The law requires that the government must consult with the squatters on their eviction and
relocation, but consultation does not mean consent. It is still the government that finally decides
where the relocation site shall be, but the government must exhaust all alternatives to relocate
informal settlers near their job sites before moving them out.

4. That socialized housing always includes a house and lot.

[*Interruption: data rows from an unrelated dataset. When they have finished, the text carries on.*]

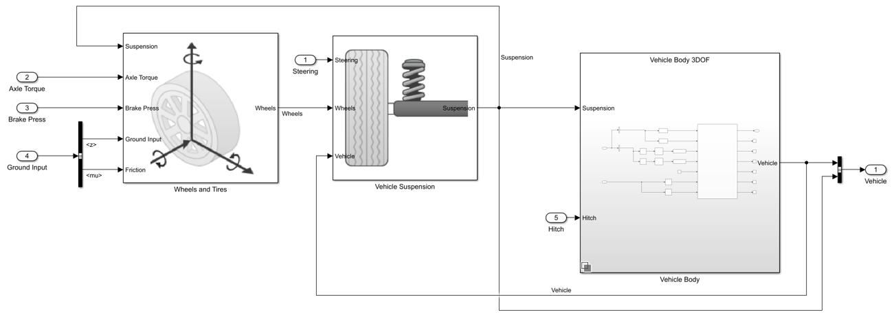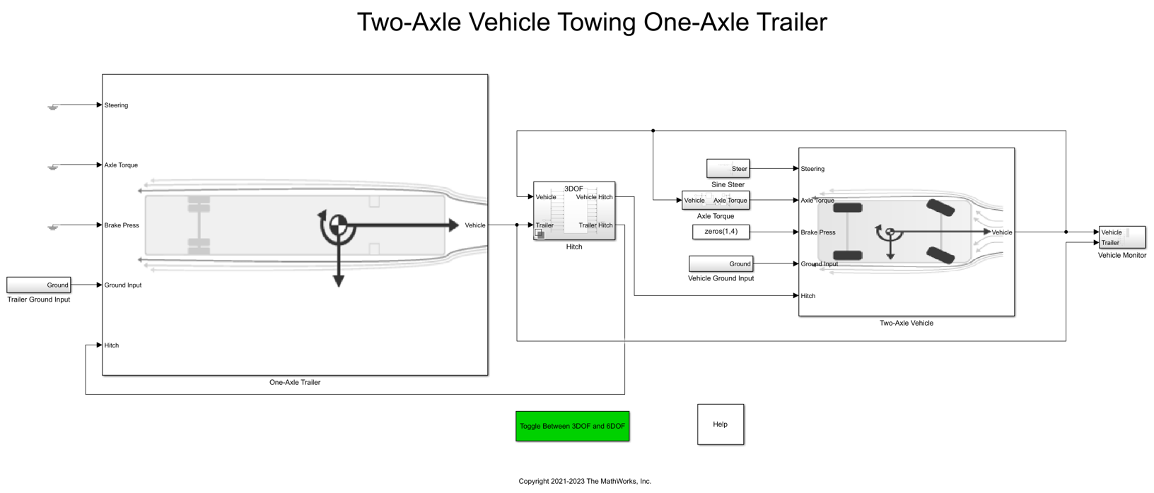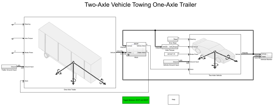To implement the tractor and trailer, by default, the three degrees-of-freedom (DOF) model uses the Vehicle Body 3DOF and Trailer Body 3DOF blocks. You can use the Toggle Between 3DOF and 6DOF button to configure a six DOF model that uses the Vehicle Body 6 DOF block, Trailer Body 6DOF block, and a hitch subsystem. See Six Degrees-of-Freedom Model.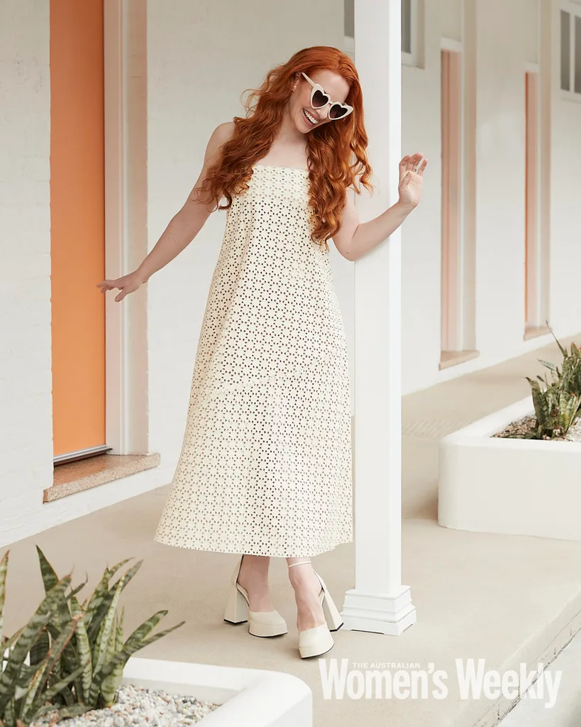 “I have one emotion: smiling,” quips Emma Watkins to The Weekly’s photographer who is directing today’s retro Palm Springs-vibe shoot at the Berry View Hotel in the Shoalhaven region of New South Wales.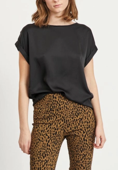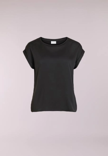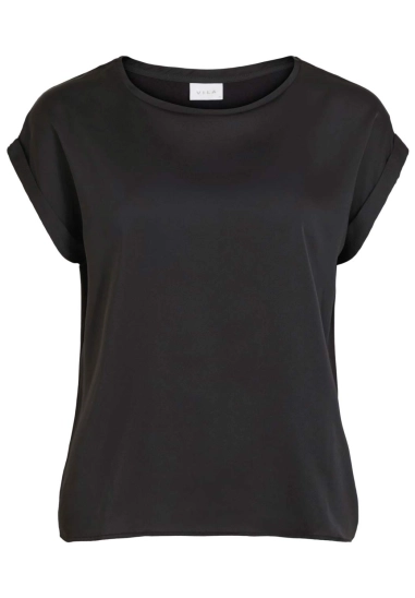 Shirt Ellette voor dames van het merk Vila. Het shirt met korte mouwen en een ronde hals heeft een satijne voorkant. Verkrijgbaar in diverse kleuren.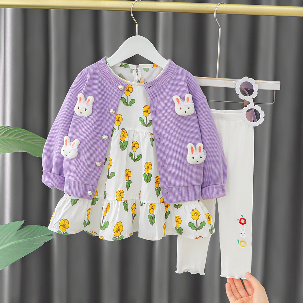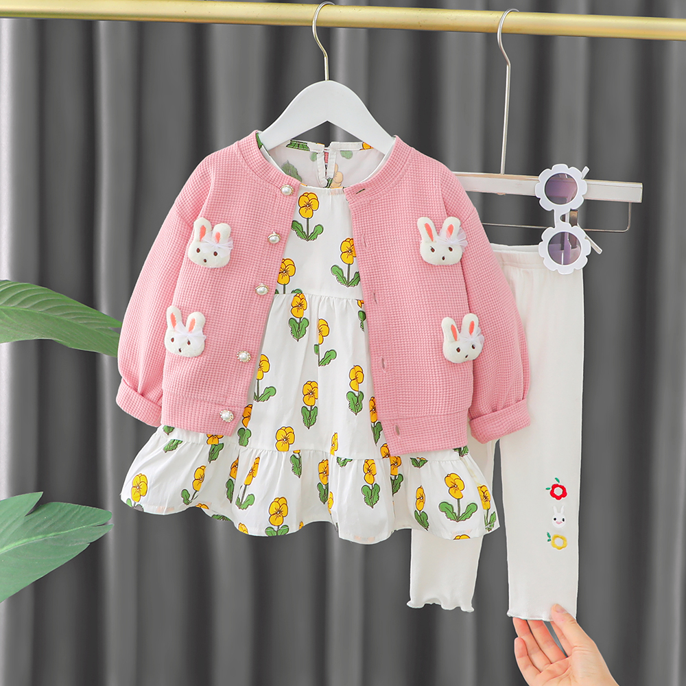 3岁半儿童女孩连衣裙套装 1一2 秋洋气三件套夏 新款 女宝宝2023春装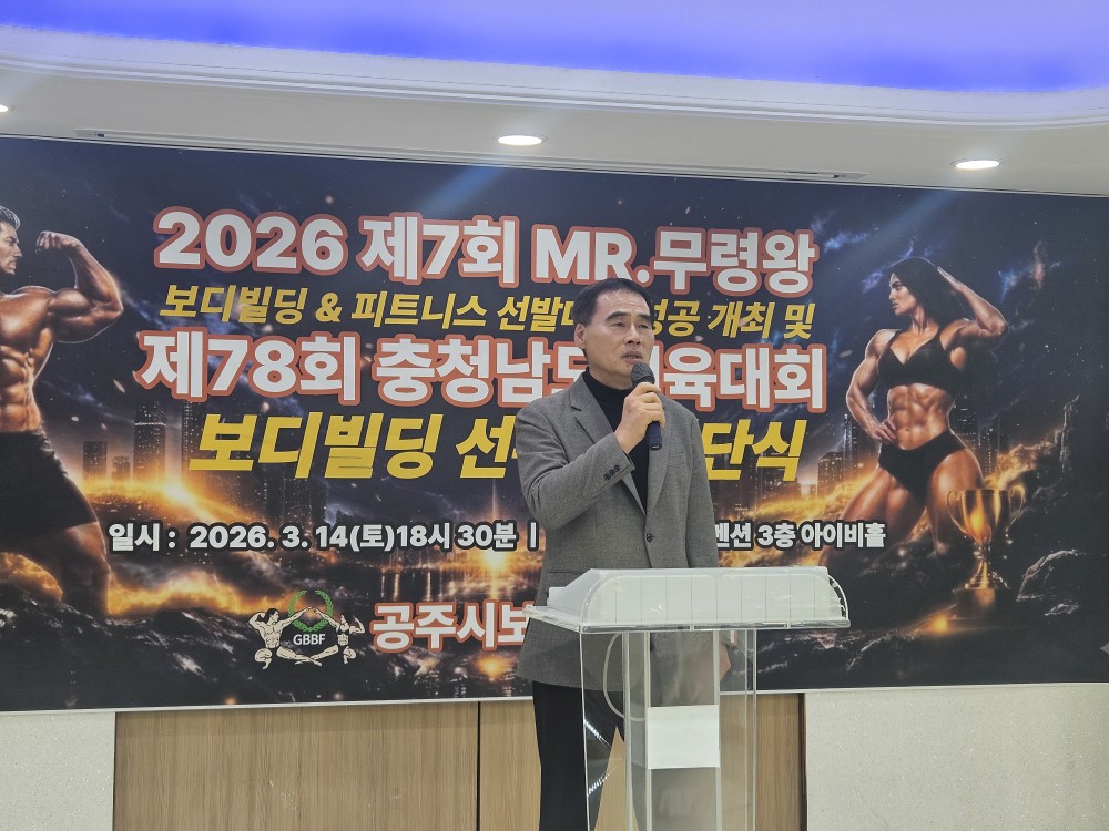 2026 Á¦7ȸ MR. ¹«·É¿Õ º¸µðºôµù & ÇÇÆ®´Ï½º ¼±¹ß´ëȸÀÇ ¼º°øÀûÀÎ °³ÃÖ¸¦ À§ÇÑ Çà»ç¿Í Á¦78ȸ ÃæÃ»³²µµÃ¼À°´ëȸ º¸µðºôµù ¼±¼ö´Ü °á´Ü½ÄÀÌ 3¿ù 14ÀÏ Åä¿äÀÏ ¿ÀÈÄ 6½Ã 30ºÐ °øÁÖ¸®¹ö½ºÄÁº¥¼Ç 3Ãþ ¾ÆÀ̺ñȦ¿¡¼ ¿·È½À´Ï´Ù.
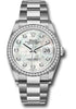 36mm Oystersteel case, screw-down steel back, screw-down crown with twinlock double waterproofness system, diamond bezel, scratch-resistant sapphire crystal with cyclops lens over the date, white mother-of-pearl dial, diamond hour markers, Rolex calibre 3235 perpetual self-winding movement with center hour, minute and seconds hands, instantaneous date at 3 o'clock with rapid setting, and stop-seconds for precise time setting, approximately 70 hours of power reserve, Oyster bracelet with flat three-piece links, folding Oysterclasp buckle with Easylink 5mm comfort extension link. Waterproof to 100 meters. Baselworld 2019 release.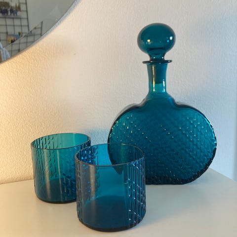 Nanny Stillin upea ja iso turkoosi Flindari karahvi 60-luvulta ja Riihimäen tuotantoo...
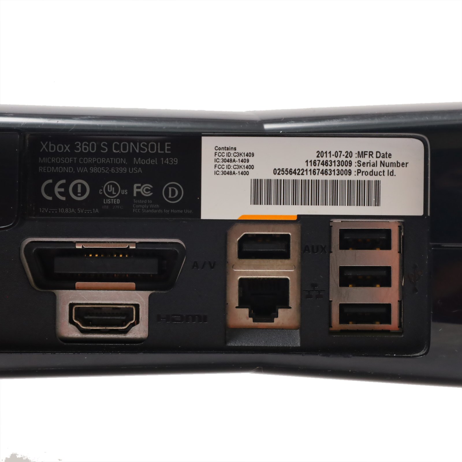 Features built-in 802.11n Wi-Fi, facilitating a swift and convenient connection to Xbox LIVE, and is compatible with b/g/n networks. This console is Kinect-ready, allowing players to engage with games and entertainment using motion and voice commands, without needing a traditional controller. The device boasts an array of ports, including five USB ports (three at the back and two in the front), a standard Ethernet port, HDMI output, and an integrated optical audio out port, accommodating a variety of accessories and storage solutions. Its design is tailored to seamlessly integrate with the Kinect Sensor, providing a comprehensive and immersive gaming experience.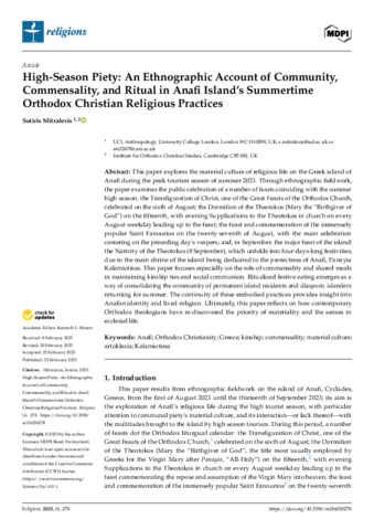 This paper explores the material culture of religious life on the Greek island of Anafi during the peak tourism season of summer 2023. Through ethnographic fieldwork, the paper examines the public celebration of a number of feasts coinciding with the summer high season: the Transfiguration of Christ, one of the Great Feasts of the Orthodox Church, celebrated on the sixth of August; the Dormition of the Theotokos (Mary the “Birthgiver of God”) on the fifteenth, with evening Supplications to the Theotokos in church on every August weekday leading up to the feast; the feast and commemoration of the immensely popular Saint Fanourios on the twenty-seventh of August, with the main celebration centering on the preceding day’s vespers; and, in September, the major feast of the island: the Nativity of the Theotokos (8 September), which unfolds into four-days-long festivities, due to the main shrine of the island being dedicated to the protectress of Anafi, Panayia Kalamiotissa. This paper focuses especially on the role of commensality and shared meals in maintaining kinship ties and social communion. Ritualized festive eating emerges as a way of consolidating the community of permanent island residents and diasporic islanders returning for summer. The continuity of these embodied practices provides insight into Anafiot identity and lived religion. Ultimately, this paper reflects on how contemporary Orthodox theologians have re-discovered the priority of materiality and the senses in ecclesial life.
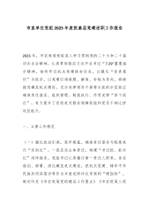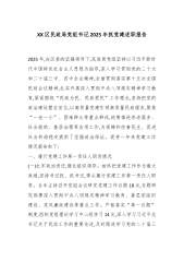 XX区民政局党组书记2025年抓党建述职报告2025年,在区委的坚强领导下,民政局党组坚持以习近平新时代中国特色社会主义思想为指导,深入学习贯彻党的二十大和二十届三中、四中全会精神,全面贯彻落实第十五次全国民政会议精神,扎实开展深入贯彻中央八项规定精神学习教育,紧紧围绕“民政为民、民政爱民”工作理念,坚持把党的政治建设摆在首位,以高质量党建引领高质量民政服务,聚焦“一老一小”、困难群众等重点群体,统筹推进养老服务、社会救助、基层治理等各项工作,为保障和改善民生、促进社会和谐稳定提供了坚强政治保证。现将一年来党建工作情况报告如下:一、履行党建工作第一责任人职责情况(一)扛牢政治责任,强化组织领导。始终把党建工作作为最大政绩,坚持书记抓、抓书记,带头履行党建工作第一责任人职责。全年主持召开党组会...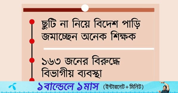 ছুটি না নিয়ে মাসের পর মাস স্কুলে অনুপস্থিত। কেউ পরিবার নিয়ে পাড়ি জমিয়েছেন ইউরোপ-আমেরিকাসহ বিশ্বের বিভিন্ন দেশে। চাকরি থেকে ইস্তফা না দিয়ে বিদেশ যাওয়ায় স্কুলগুলোতে দেখা দিয়েছে শিক্ষকশূন্যতা। এতে ব্যাহত হচ্ছে পাঠদান। ছুটি না নিয়ে দীর্ঘদিন অনুপস্থিত থাকায় গেল ২১ মাসে ১৬৩ জনের বিরুদ্ধে বিভাগীয় ব্যবস্থা নিয়েছে জেলা প্রাথমিক শিক্ষা অফিস। এর মধ্যে বেশির ভাগকে চাকরি থেকে বরখাস্ত করা হয়েছে। সূত্র জানায়, গত পাঁচ বছরে ইউরোপ, আমেরিকা ও কানাডায় পারিবারিক ও কাজের ভিসায় সিলেটের কয়েক হাজার মানুষ পাড়ি জমান। ভ্রমণ ভিসায় গিয়ে সেখানে ‘অ্যাসাইলাম’-এর আবেদন করে থেকে যান। এ ছাড়া যুক্তরাজ্যে কেয়ারগিভারসহ বিভিন্ন ধরনের কাজের ভিসায় পরিবার নিয়ে যান অনেকে। এর মধ্যে সরকারি প্রাথমিক বিদ্যালয়ের অনেক শিক্ষক ছিলেন। যাওয়ার সময়ও তারা কর্মস্থল থেকে ছুটি নেননি। কেউ কেউ ব্যক্তিগত প্রয়োজনে স্বল্পমেয়াদি ছুটি নিয়ে গোপনে বিদেশ চলে যান। এরপর মাসের পর মাস অনুপস্থিত থাকেন। এদিকে, ৬০ দিনের বেশি কর্মস্থলে যারা অনুপস্থিত তাদের ব্যাপারে তদন্তে নেমে প্রাথমিক শিক্ষা অফিস অনেক শিক্ষকের বিদেশ পাড়ি জমানোর তথ্য পায়। সূত্র মতে, গত পাঁচ বছরে সিলেট বিভাগে এভাবে ছুটি ছাড়াই সহস্রাধিক শিক্ষক বিদেশ চলে গেছেন। তদন্তসাপেক্ষে এদের বিরুদ্ধে বিভাগীয় ব্যবস্থা নেওয়া হয়েছে। প্রাথমিক শিক্ষা অফিস সূত্র জানায়, ২০২৪ সালের জানুয়ারি থেকে ২০২৫ সালের সেপ্টেম্বর পর্যন্ত ১৬৩ জন শিক্ষকের বিরুদ্ধে বিভাগীয় মামলা হয়েছে। এর মধ্যে ১৪০ জনের মামলা নিষ্পত্তি হয়েছে। আর ২৩ জনের মামলা চলমান।

Socialized housing could be in the form of lot only, or house only, as in the case of medium- or
high-rise building, and not necessarily house and lot. However, I suggest that the law be
amended to expand the meaning of socialized housing to include house and lot in case of row,
duplex, or single detached houses.

5. That the government has to provide free housing to the squatters or that squatters are entitled, as a
matter of right, to free housing.
This has no basis under the Constitution or R.A. 7279. There is no country yet that provides free
housing to its citizens.
Misconceptions also abound over what defines a professional squatter. The law qualifies
squatters as “professional” if they:
have sufficient income for legitimate housing, have previously been awarded home lots
or housing units by the government but who sold, leased, or transferred the same to
other parties to settle illegally in the same place or in another urban area, and [are] non-
bona fide occupants and intruders of lands reserved for socialized housing.”
While misconceptions over provisions and intent of the law apparently contributed to the
continued failure to abate squatting, let it not be said that R.A. 7279 caused the proliferation of
illegal settlers. To say so would be the greatest misconception.